Animal Advocate Steven Wise: Still Rattling the Cage by Susan B. Apel
In his TED talk, Steven Wise steps onto the stage, holding up a pencil in one hand. Behind him are outsized photographs, close up and majestic, of the faces of two chimpanzees. He describes the status of the pencil, saying, “It’s a thing, a legal thing.” Then he suddenly seizes it with both hands and snaps it in two.
Pointing to the photos, he continues, “The great apes you see behind me, they are legal things too.” Under the law, things—pencils, books, cars—are owned and used, kept or discarded at whim.
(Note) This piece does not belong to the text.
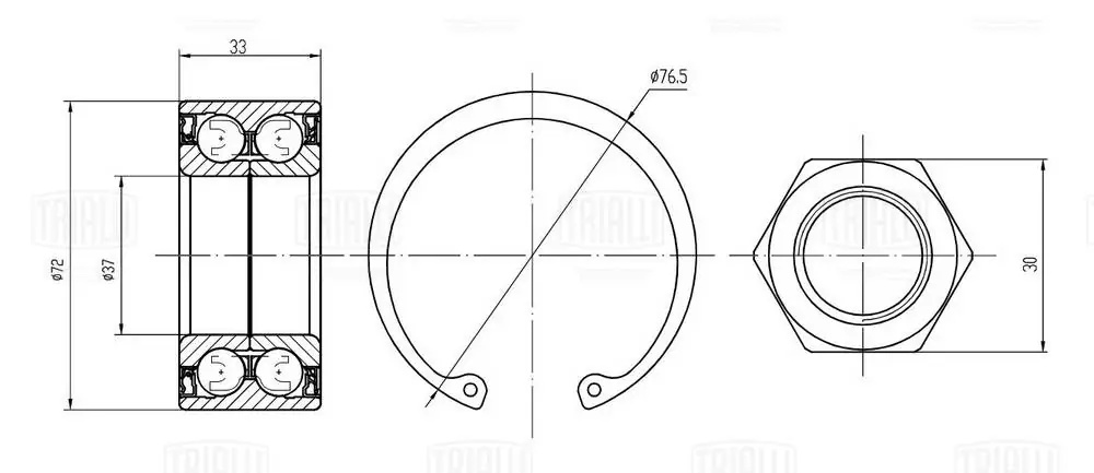 CS 2078 TRIALLI Подшипник ступицы Peugeot 207 (06-) перед. (кмпл:подш./стоп.кол./гайка) (CS 2078

With the brutal snap of the pencil still ringing in the listener’s memory, Wise is hoping to convince his audience that chimpanzees deserve better.
Wise is an attorney, activist, professor, and author who is described as “one of the pistons of the animal rights movement.” He has spent the last 30 years of his life working toward a single goal—to have certain nonhuman animals recognized as “persons” under the law. Unlike things, persons have rights. Wise wants animals to have them too. He has started with chimpanzees and is moving on to include elephants. Orcas are in the queue.
His choices of species are not random but rather supported by available scientific research. Jane Goodall is on the board of his Nonhuman Rights Project, but that is not why his campaign focuses on chimpanzees. According to Wise, chimps have been studied more than other animals, and those studies have shown them to have higher cognitive capacities than other species. They demonstrate memory, use tools, and have a social culture. They know the difference between yesterday, today, and tomorrow, which makes locking them up particularly cruel. A chimp understands confinement and is conscious that it is not just a temporary state. At a minimum, then, Wise is concentrating on certain groups of animals—demonstrably highly intelligent ones—and wants the law to afford them at least this single and most basic right: the right to bodily liberty. [Among others, his clients have included chimps who were being held in research labs and elephants caged in zoos. There is a photo of him at work with a poster that proclaims “We may be the only lawyers on earth whose clients are all innocent.”]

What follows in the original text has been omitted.